Provided data Start Marker

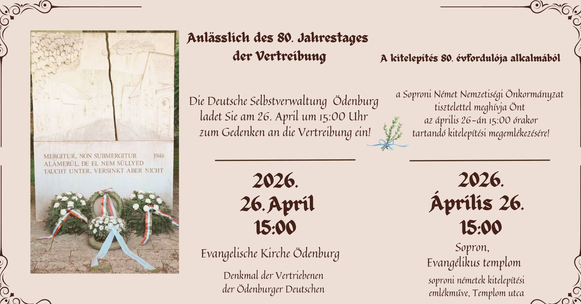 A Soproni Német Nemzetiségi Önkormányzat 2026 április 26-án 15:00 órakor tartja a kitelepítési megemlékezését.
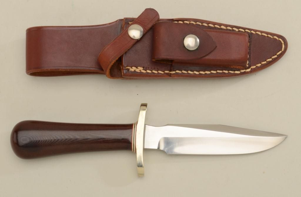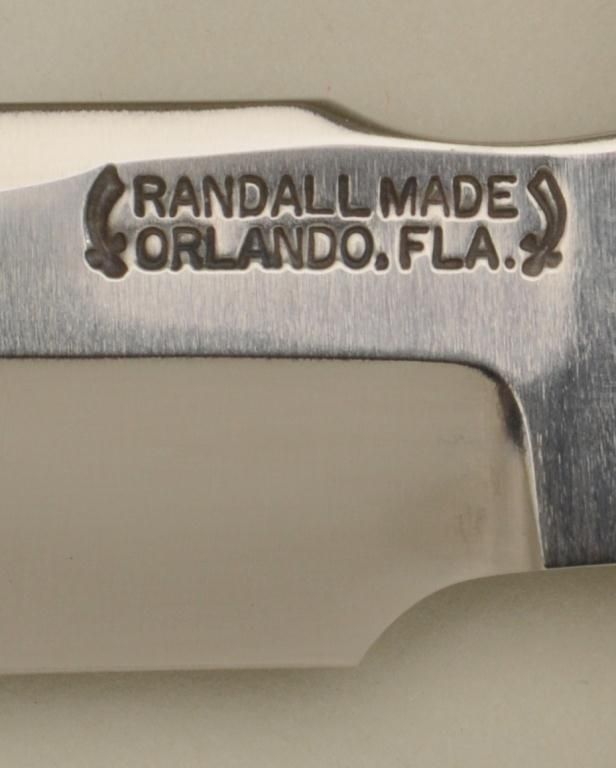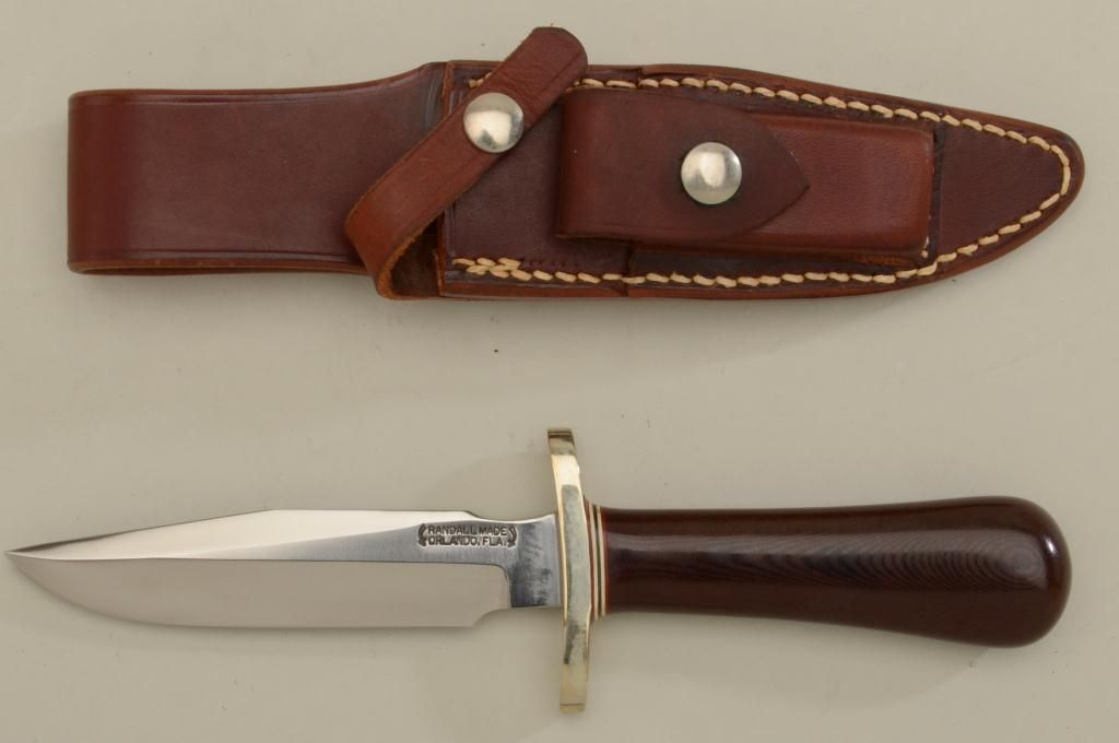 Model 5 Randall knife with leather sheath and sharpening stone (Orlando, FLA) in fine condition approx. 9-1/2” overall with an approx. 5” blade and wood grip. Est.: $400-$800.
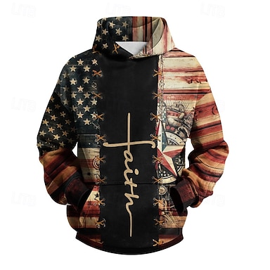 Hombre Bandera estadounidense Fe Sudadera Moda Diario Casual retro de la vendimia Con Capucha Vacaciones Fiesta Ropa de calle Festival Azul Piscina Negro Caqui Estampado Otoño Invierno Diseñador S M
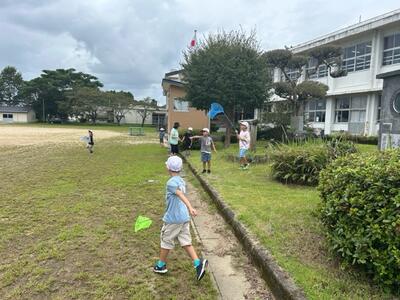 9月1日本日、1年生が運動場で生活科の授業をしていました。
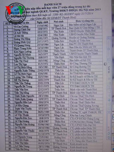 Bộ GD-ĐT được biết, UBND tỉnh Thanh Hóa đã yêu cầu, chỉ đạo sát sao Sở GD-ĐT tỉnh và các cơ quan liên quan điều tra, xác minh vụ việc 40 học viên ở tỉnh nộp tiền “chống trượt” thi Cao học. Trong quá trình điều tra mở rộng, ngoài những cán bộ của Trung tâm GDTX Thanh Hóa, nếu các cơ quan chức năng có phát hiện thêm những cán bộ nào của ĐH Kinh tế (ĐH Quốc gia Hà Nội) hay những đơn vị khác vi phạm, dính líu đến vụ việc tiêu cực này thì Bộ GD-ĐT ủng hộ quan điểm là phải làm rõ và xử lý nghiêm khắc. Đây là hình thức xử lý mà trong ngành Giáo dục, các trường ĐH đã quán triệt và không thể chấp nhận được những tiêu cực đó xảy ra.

Provided data End Marker

» **Assignment**: Could you print all the entries exactly as they stand, with the pictures left out?

» **Written solution**:
 A Soproni Német Nemzetiségi Önkormányzat 2026 április 26-án 15:00 órakor tartja a kitelepítési megemlékezését.
 Model 5 Randall knife with leather sheath and sharpening stone (Orlando, FLA) in fine condition approx. 9-1/2” overall with an approx. 5” blade and wood grip. Est.: $400-$800.
 Hombre Bandera estadounidense Fe Sudadera Moda Diario Casual retro de la vendimia Con Capucha Vacaciones Fiesta Ropa de calle Festival Azul Piscina Negro Caqui Estampado Otoño Invierno Diseñador S M
 9月1日本日、1年生が運動場で生活科の授業をしていました。
 Bộ GD-ĐT được biết, UBND tỉnh Thanh Hóa đã yêu cầu, chỉ đạo sát sao Sở GD-ĐT tỉnh và các cơ quan liên quan điều tra, xác minh vụ việc 40 học viên ở tỉnh nộp tiền “chống trượt” thi Cao học. Trong quá trình điều tra mở rộng, ngoài những cán bộ của Trung tâm GDTX Thanh Hóa, nếu các cơ quan chức năng có phát hiện thêm những cán bộ nào của ĐH Kinh tế (ĐH Quốc gia Hà Nội) hay những đơn vị khác vi phạm, dính líu đến vụ việc tiêu cực này thì Bộ GD-ĐT ủng hộ quan điểm là phải làm rõ và xử lý nghiêm khắc. Đây là hình thức xử lý mà trong ngành Giáo dục, các trường ĐH đã quán triệt và không thể chấp nhận được những tiêu cực đó xảy ra.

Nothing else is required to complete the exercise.